Business communities of the country further argued that there is a number of examples that the LDCs deferred or delayed their graduations. For instance, Maldives postponed its graduation by eight years, citing vulnerabilities related to its small size and limited development capacity. Vanuatu delayed its transition by a remarkable 20 years, largely due to the socio-economic impacts of tropical cyclones and other external shocks. Samoa and Equatorial Guinea both extended their preparation period by five years. Nepal secured a five-year extension, reflecting both natural disaster recovery efforts and the need for economic readiness. The Solomon Islands were granted a six-year delay. Myanmar met the UN graduation criteria in years such as 2018, 2021, and 2024. However, due to political instability following a military coup, the UN Committee for Development Policy (CDP) deferred its graduation until 2027.
It is to be noted that none of these countries, except Myanmar, are comparable to Bangladesh in terms of size of economy and geography and population. Moreover, the country has better graduation thresholds than Nepal and Lao PDR and also not a land-locked nation like these two countries.
The business communities, however, stressed the need for five to six year extension of the deadline of the graduation as a transition period and suggested a number of measures to be completed within the period. These include: (i) secure trade deals with major trading partners to offset US tariff shocks; (ii) drive export diversification into pharma, IT, leather, agro-processing, and light engineering; (iii) build human capital for Industry 4.0 -- automation, AI, advanced manufacturing; (iv) Attract quality FDI -- investors who bring technology and sustainability, not just cheap capital; and (v) strengthen governance and climate resilience, ensuring competitiveness in a turbulent global economy.

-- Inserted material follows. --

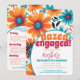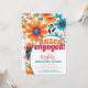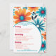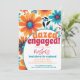 Una itinerario de fin de semana de despedida de soltera y invitación divertida. Este diseño retro presenta un diseño de poder floral naranja, rosa y azul. Fácil de personalizar con tus propios detalles de fiesta de despedida de soltera. Un diseño 'alocada y comprometida' brillante y audaz que llamará la atención.
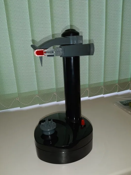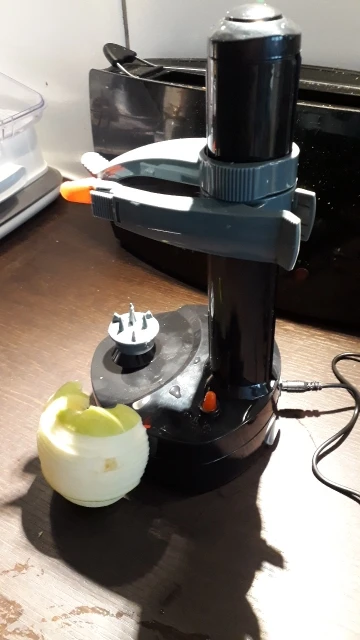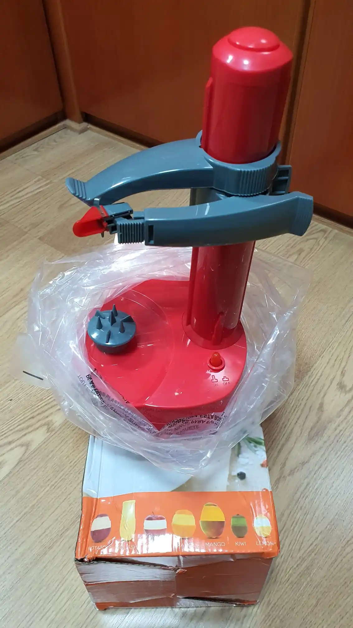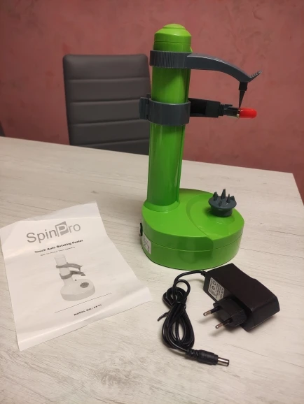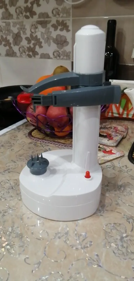 Получил, работает, яблоки чистит. Можно чистить и картошку, но сверху и снизу остаётся кожура, так что надо ли чистить картошку, вопрос. Все конструкции пластиковые, в том числе и штырьки, на которые надевается яблоко, в общем, нежная конструкция, надо пользоваться аккуратно. На большую надёжность и долговечность не рассчитываю. Продавец, по моей просьбе, укомплектовал посылку сетевым адаптером для России. Коробка пришла мятая, но, внутри всё целое. Устройство, как минимум, забавное, поднимает настроение и чистит яблоки. :-)

Whether all these are achievable during the five to six years of proposed transition period is a matter of debate especially when the country could not move significantly towards the diversification of exports or negotiate any free trade deal in the last ten years. One, however, needs to keep in mind that the autocratic regime did not allow to raise voices for logical demands. Moreover, the regime was totally gripped by corruption and bad governance undermining the country's true potential of advancement. For the ousted regime, LDC-graduation was more of a showcase of its flawed development, not of real progress. One of the examples was the government-sponsored celebration in 2018 after the country formally get the UN acceptance for meeting the three criteria. The then government did not focus on adequate preparation to absorb the post-graduation shocks and critical challenges like IPRs.
Against the backdrop, the interim government needs to examine the demand for deferment of the LDC graduation of Bangladesh intensively.